» **WHAT IS REQUIRED**
Below are records to reproduce in full; copy them exactly but keep the pictures out.

[Opening TASK DATA section]

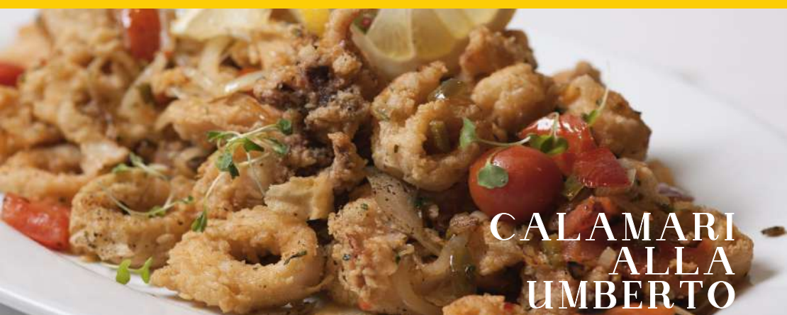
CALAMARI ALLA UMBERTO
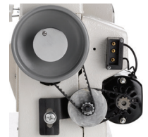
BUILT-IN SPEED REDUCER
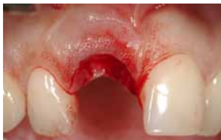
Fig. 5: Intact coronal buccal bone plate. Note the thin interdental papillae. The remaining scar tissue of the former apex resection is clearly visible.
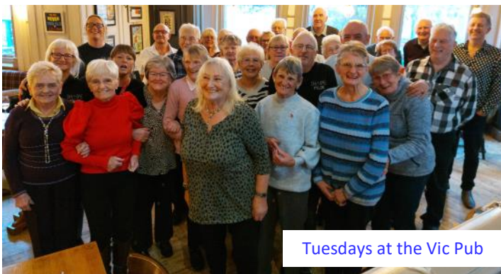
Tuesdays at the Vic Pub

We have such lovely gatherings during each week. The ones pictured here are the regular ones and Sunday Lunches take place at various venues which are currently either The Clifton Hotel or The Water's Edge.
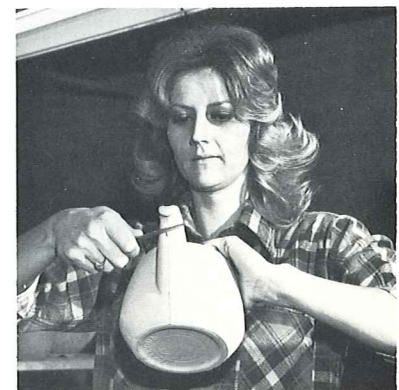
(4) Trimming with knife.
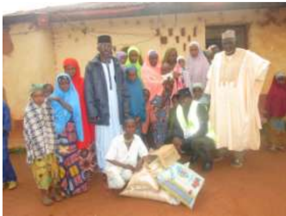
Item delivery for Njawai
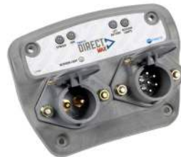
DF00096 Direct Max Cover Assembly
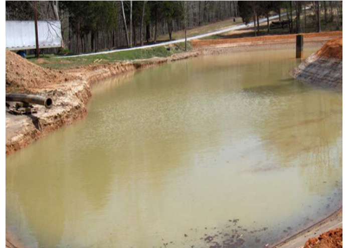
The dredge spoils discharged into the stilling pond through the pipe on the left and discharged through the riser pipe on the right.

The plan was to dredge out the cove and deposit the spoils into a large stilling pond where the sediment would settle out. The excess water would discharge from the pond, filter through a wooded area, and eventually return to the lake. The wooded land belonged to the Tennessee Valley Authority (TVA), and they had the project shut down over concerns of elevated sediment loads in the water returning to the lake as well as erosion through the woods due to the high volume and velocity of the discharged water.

[Closing TASK DATA section]

» **RESPONSE TO THE EXERCISE**
CALAMARI ALLA UMBERTO
BUILT-IN SPEED REDUCER
Fig. 5: Intact coronal buccal bone plate. Note the thin interdental papillae. The remaining scar tissue of the former apex resection is clearly visible.
Tuesdays at the Vic Pub

We have such lovely gatherings during each week. The ones pictured here are the regular ones and Sunday Lunches take place at various venues which are currently either The Clifton Hotel or The Water's Edge.
(4) Trimming with knife.
Item delivery for Njawai
DF00096 Direct Max Cover Assembly
The dredge spoils discharged into the stilling pond through the pipe on the left and discharged through the riser pipe on the right.

The plan was to dredge out the cove and deposit the spoils into a large stilling pond where the sediment would settle out. The excess water would discharge from the pond, filter through a wooded area, and eventually return to the lake. The wooded land belonged to the Tennessee Valley Authority (TVA), and they had the project shut down over concerns of elevated sediment loads in the water returning to the lake as well as erosion through the woods due to the high volume and velocity of the discharged water.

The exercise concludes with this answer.